ACTION ITEM → Transcribe word for word each line from the one containing "La ghiandaia azzurra" to the final line of the data, both included. Skip the pictures.

Dataset entries:
···

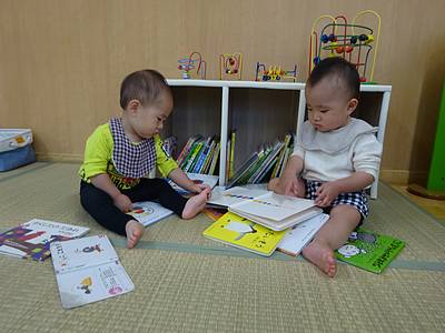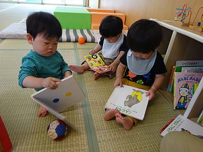 本棚から絵本をたくさん出し、その中から好きな絵本を見つけると…
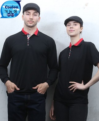 클론원단으로 카라에 이중 배색을 주어 멋스럽게 하였으며 각종 행사및 단체티 서빙용 스텝들의 티셔츠로 많이 나가며 분위기에 알맞는 배색으로 컨셉을 잡으셔도 좋을 듯 합니다.
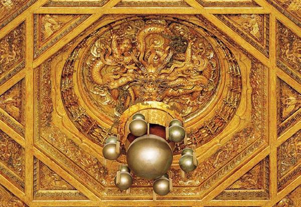 同属于宋辽金时期的现存藻井,或质朴无华,或华贵富丽,均有很强的结构性。到了元明清时期,藻井的结构性逐渐弱化,装饰性却日趋精巧,雕刻工艺的运用也越来越多。清代藻井的一大代表作便是故宫太和殿的藻井:八角井上置一圆井,当中做突雕蟠龙,垂首衔珠,又称“龙井”,堪称藻井艺术最后的辉煌。
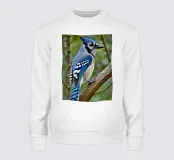 La ghiandaia azzurra siede con grazia su un ramo robusto, con le sue piume bianche e blu che contrastano con lo sfondo del fogliame verde nella luce del mattino.
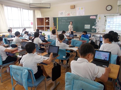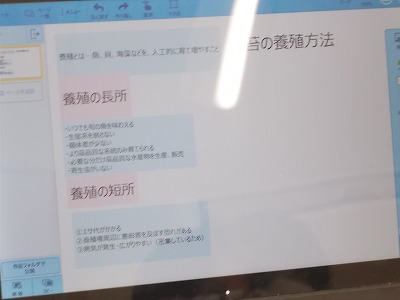 5年生の社会科では、水産業について学習をしています。今日は、養殖漁業のメリット、デメリットについて考える学習をしました。子どもたちは、教科書や資料集、インターネット資料等を活用して調べ、まとめることが出来ていました。
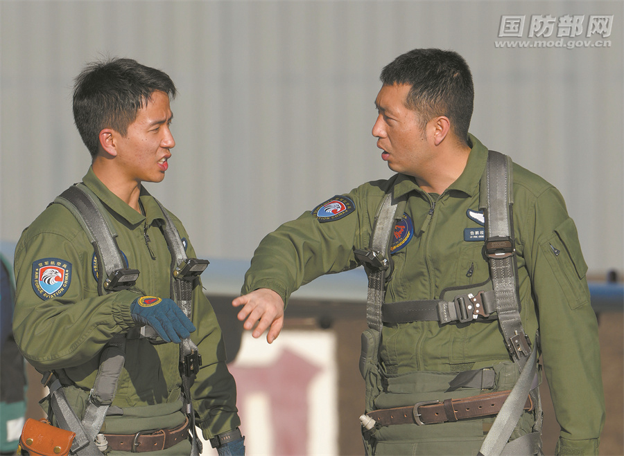 剛下戰(zhàn)機(jī),新員(左)與教官便討論起戰(zhàn)術(shù)動(dòng)作。

···

EXERCISE SOLUTION →
 La ghiandaia azzurra siede con grazia su un ramo robusto, con le sue piume bianche e blu che contrastano con lo sfondo del fogliame verde nella luce del mattino.
 5年生の社会科では、水産業について学習をしています。今日は、養殖漁業のメリット、デメリットについて考える学習をしました。子どもたちは、教科書や資料集、インターネット資料等を活用して調べ、まとめることが出来ていました。
 剛下戰(zhàn)機(jī),新員(左)與教官便討論起戰(zhàn)術(shù)動(dòng)作。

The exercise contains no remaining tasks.